Did you know I have a pussy?
It’s far, far away. But it’s mine.
I’ve been experimenting with just how comprehensive my ownership is, and, at least for the moment, the answer is, “It’s totally mine.”
For almost a week now, I’ve been dangling Sofia over the edge of an orgasm. She’s been completing tasks for me, clearing her backlog, demonstrating her commitment to giving me what I ask of her. Precisely what I ask of her. And I ask a lot of her.
I’ve insinuated myself into her sleep, into her dating life, into her day-to-day activities. Everything I ask she does. Everything.
Asking her to do things makes my cock hard. I know that, whatever I ask, she will do. And that makes my cock hard. Never mind when she actually does it. That makes my cock not just hard, but twitchy hard, so hard I can feel my pulse in it.
She’s been begging for a couple of days to come. I’m thinking about it. Thinking about letting her come for me.
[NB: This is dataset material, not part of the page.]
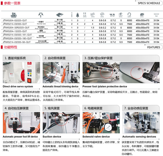 JTMX5200-QUT超高速包縫機,最高縫速可達8000轉;可自動抬壓腳、加裝吸線及切線裝置,采用了電腦直驅內置伺服馬達省電60%左右;在針桿、搖桿部位增設吸油裝置,避免漏油;單支撐針桿結構,易實現高速運轉;針桿機構封閉防止灰塵吸入,防止針桿的磨損及漏油現象發生;加裝濾油器,提高油的清潔度,保證高速運轉;最大限度增加了操作空間,使操作更加舒適、方便、保證縫制線跡的優美。

On the plus side? If she does, I’ll see it. I’ll hear it. I’ll know it’s mine. On the negative side? I love having her on edge like this. I love getting a dozen or more e-mails from her a day begging to come. Sometimes, she doesn’t even beg to come – she just begs to let her touch her pussy. Which she knows… which she knows… will make it worse, will make her need that orgasm even more than before.
I don’t know.
Should I let her come?
As someone who regularly hangs from that same edge, my immediate empathetic response is to say: Oh, yes, let her come, especially since she’s been so good!
As someone who has hung far past *needing* to come, and who has been driven to the frenzied heights of pleaseohgodifyoudon’tletmeI’llgoinsane–my response is to let her dangle a little longer. Because every day that passes only makes the reward grow sweeter.